|
Chcesz wiedzieć więcej? Zamów dobrą książkę. Propozycje Racjonalisty: | | |
|
|
|
|
Czytelnia i książki » Powiastki fantastyczno-teolog.
Szczęście pod specjalnym nadzorem Autor tekstu: Dorota Zdrojewska
Monika obudziła się rano i mimo, że jak zwykle ciężko jej było wstawać tak
wcześnie, po chwili już poczuła radość. Spokojnymi ruchami, po cichu wyszła z łóżka i przygotowując w myślach menu na śniadanie pospieszyła do kuchni.
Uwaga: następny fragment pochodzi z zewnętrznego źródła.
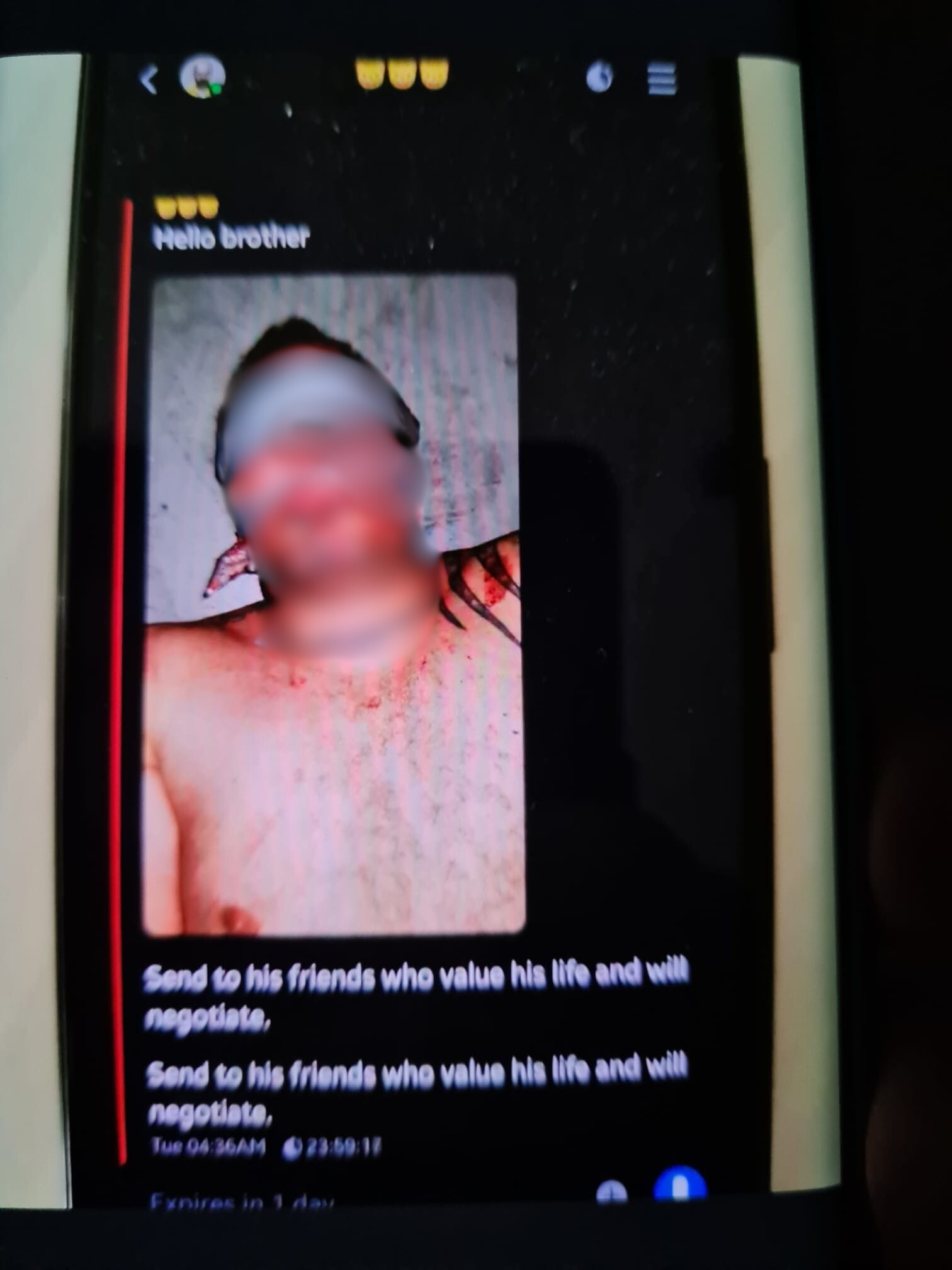 “Hello brother. Send to his friends who value his life and will negotiate.”

Najpierw włączyła ekran i swój ulubiony, poranny serial „Parafia". Znajomy widok
oglądanych co rano twarzy dobrze ją nastrajał. No i oni też zaraz będą jedli
śniadanie. Bohaterka wyciągnęła z szafki miód. Monika też postanowiła dodać
miodu do herbaty. Kiedy dostała ten ekran zrobiła przemeblowanie w kuchni tak,
aby w miarę wygodne było przygotowywanie jedzenia i oglądanie telewizji. Dzisiaj
jednak był szczególny dzień, chyba nie zdąży obejrzeć całego odcinka. Chciała
być wcześniej w pracy, żeby wyjść, tak jak to zaplanowała, o 14. Razem z mężem,
Piotrem, mieli umówione spotkania: najpierw z konstruktorem, potem w banku… I to
był pewien kłopot, martwiło ją takie obciążenie finansowe. Ale byli już
zdecydowani, teraz zostało sfinalizowanie sprawy. Znużyło ją odwlekanie decyzji.
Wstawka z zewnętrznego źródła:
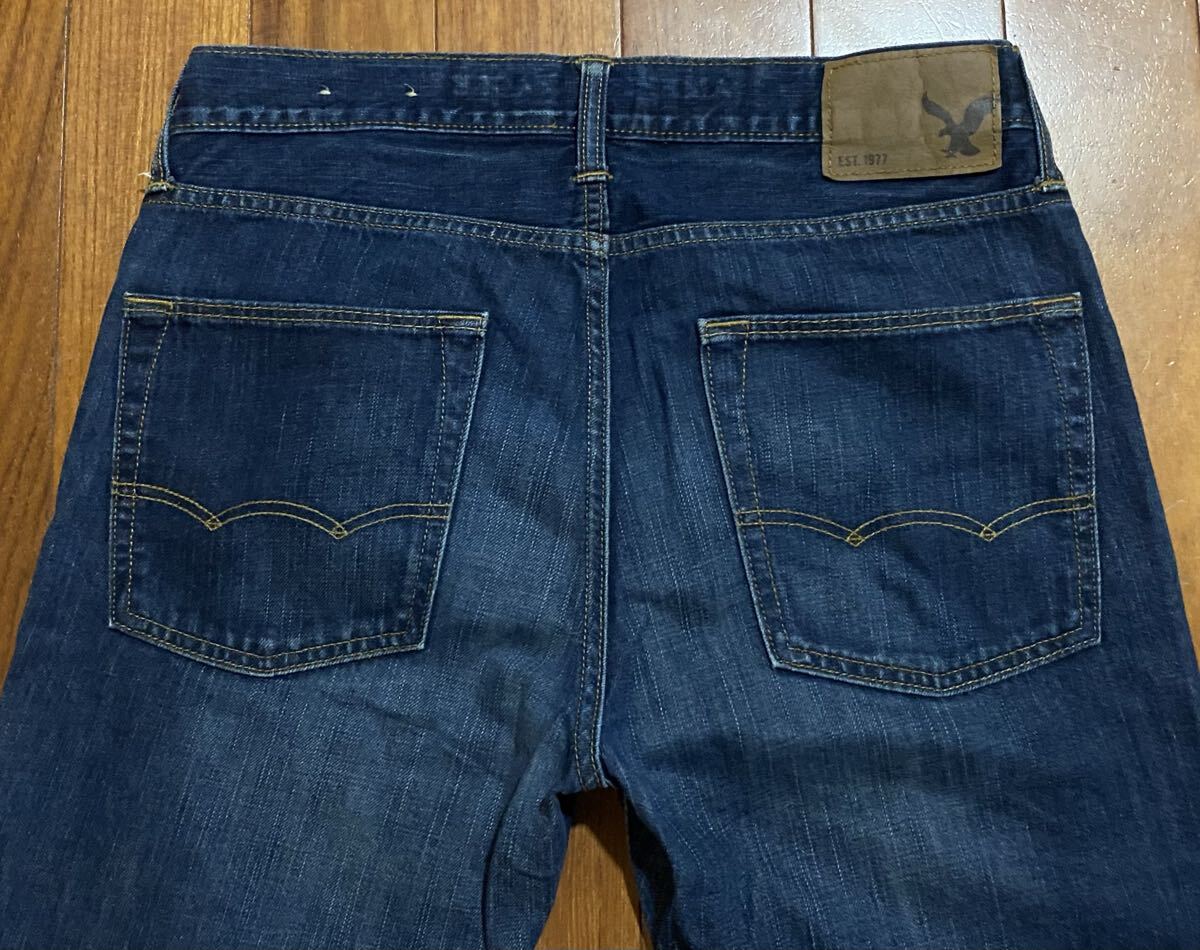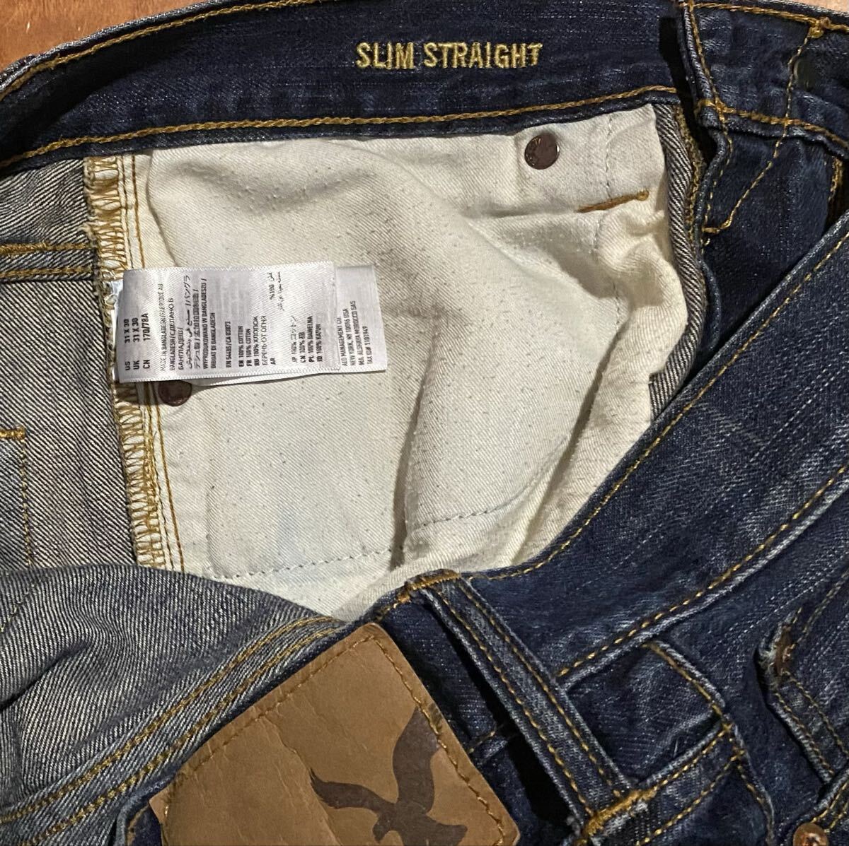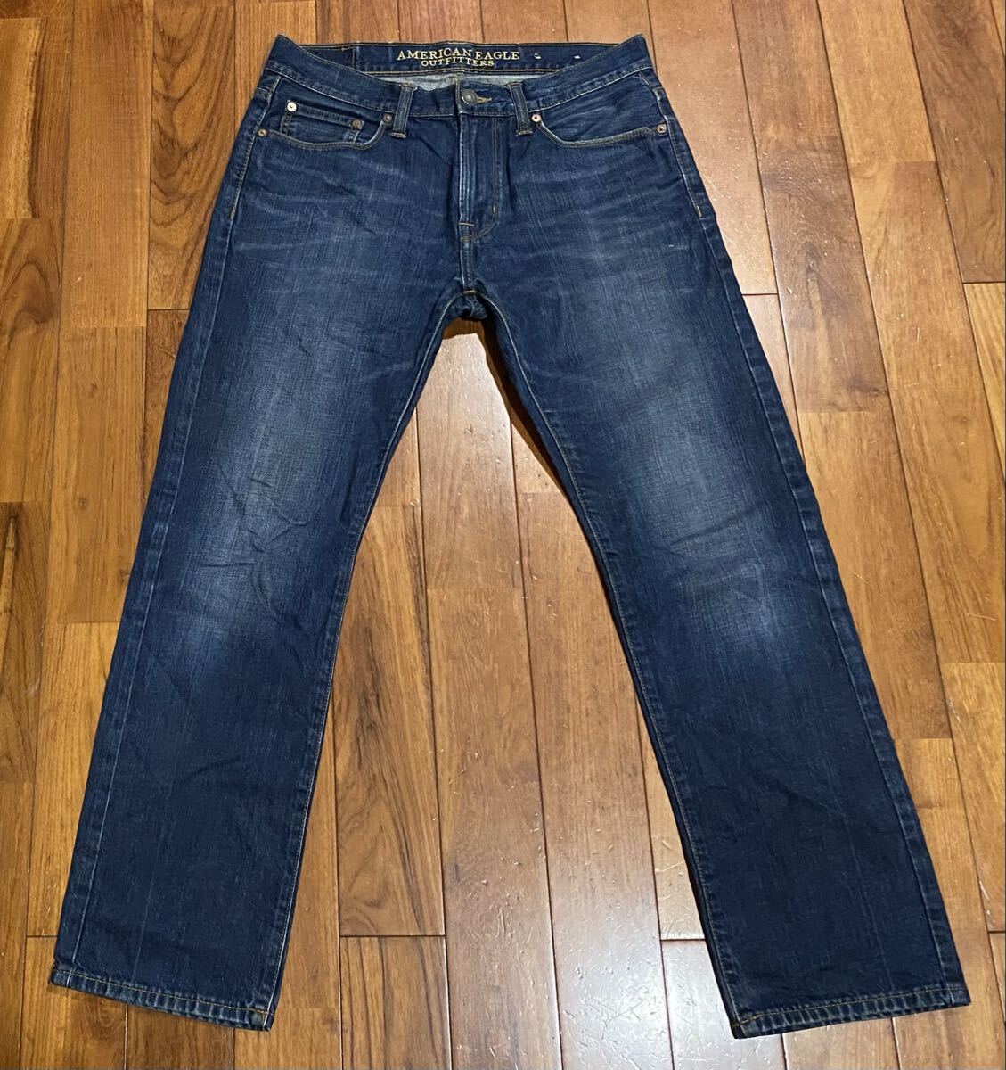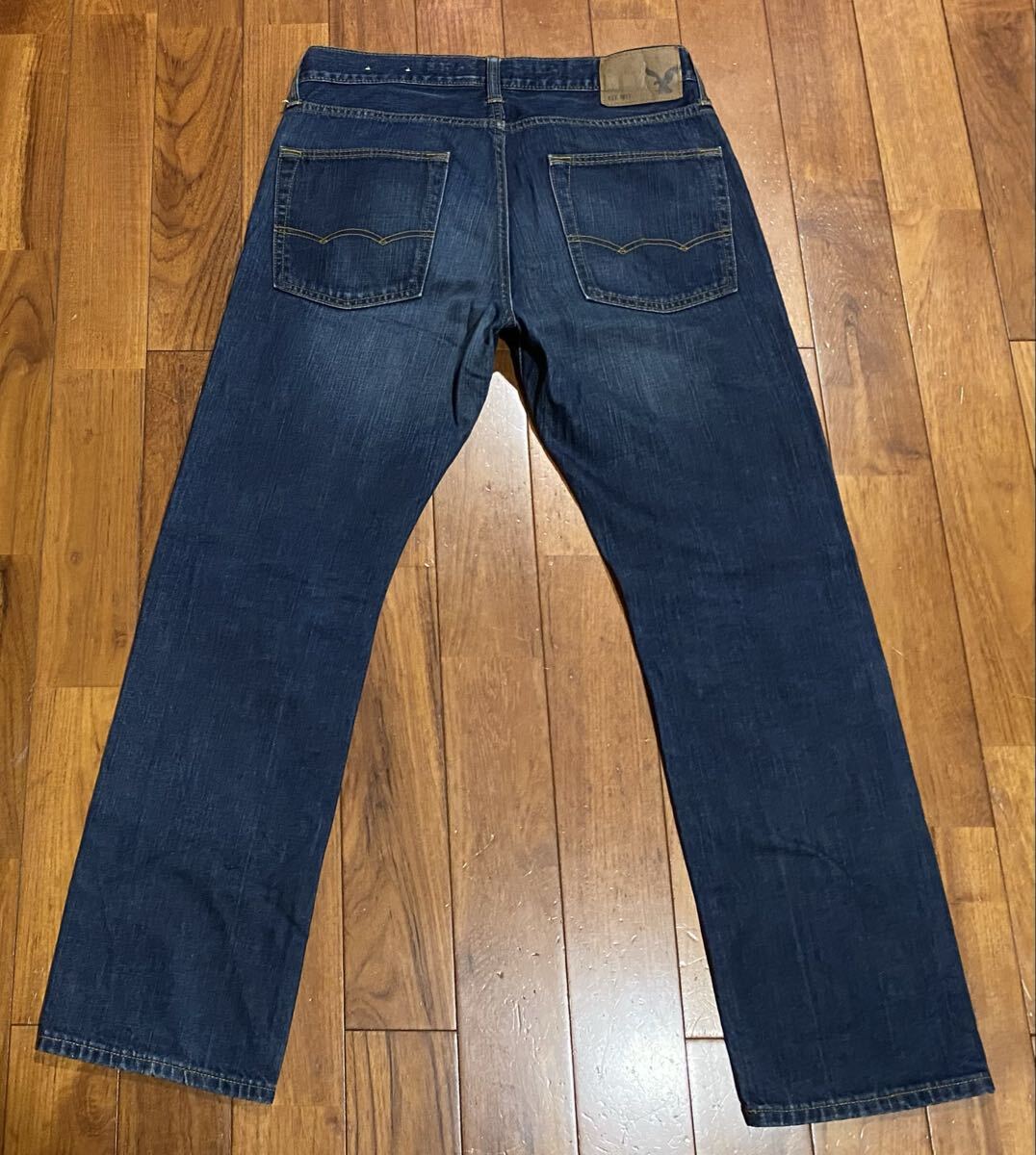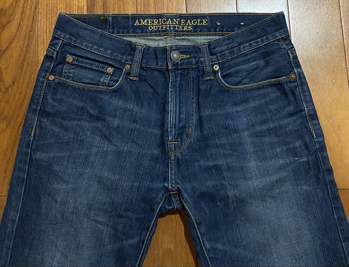 アメリカンイーグルのデニム(ジーンズ)、SLIM STRAIGHTです。色はインディゴブルーです。USEDですが状態は良いです(10段階中8程度)。生地はコットン100%です。紙パッチ、ジッパーフライ、裾はチェーンステッチです。正規品です((株)イーグルリテイリング、バングラデシュ製)。サイズはW31×L30でウエストは重ねずに平置きで約80cm、ヒップ約100cm、股上約25cm、股下約73cm、股下15cmのふともも部分約50cm、裾まわり約38cm、重量約570gです。発送はゆうパケットポストになります。

Bardzo chciała mieć z Piotrem dziecko. Mieli ładne, trzypokojowe mieszkanie,
rodziców mieszkających w tym samym mieście, oraz, co ważniejsze, przyszłe babcie
chętne do pomocy. Mieli także stałe dochody, a to znaczyło, że mogli wziąć
kredyt.
Najpierw myślała o chłopcu. Marzyła jak to wspaniale byłoby mieć syna,
silnego, mądrego syna, który grałby z kolegami w piłkę i zostałby inżynierem.
Obawiała się, że z córką może być więcej kłopotu: wychowanie, dojrzewanie. Ale
ku jej zaskoczeniu Piotr chciał właśnie córkę. Była przekonana, że mężczyźni
chcą zwykle, przede wszystkim, mieć syna. Zaskoczył ją tym kompletnie, ale
wyjaśnił, że syna tak, bardzo, ale później. Najpierw córkę, żeby Monika miała
pomoc, a kłopotów żadnych nie będzie bo przecież i tak pójdą do kliniki i wszystko zaplanują. Tak też radził ksiądz Mateusz a opiekował się przecież
niejedną parą. Nie trzeba było jej długo przekonywać, miała do męża pełne
zaufanie. Piotr jest bardzo troskliwy, odpowiedzialny, zawsze ją potrafi
uspokoić, pokazać, że przesadza, że nie musi się martwić. I Ksiądz Mateusz...
Wspaniały z niego człowiek, pogodny i wyrozumiały. Choćby do jej ciotki Ewy
jakie ma podejście. Pierwszy raz spotkali się u nich, zupełnie przypadkowo przed
Bożym Narodzeniem. Ewa wpadła zostawić klucze od mieszkania, bo na święta
właśnie wyjeżdżała na Majorkę. I od tego, od tematu świąt chyba, zaczęła się
cała rozmowa, zresztą trochę przykra dla Moniki — mówili o rozwodzie Ewy. Ale
ksiądz Mateusz zachował się wspaniale i wtedy i później, jak spotykał u nich Ewę
zawsze był bardzo miły. Nigdy jej nie ganił, nie krytykował, nie potępiał.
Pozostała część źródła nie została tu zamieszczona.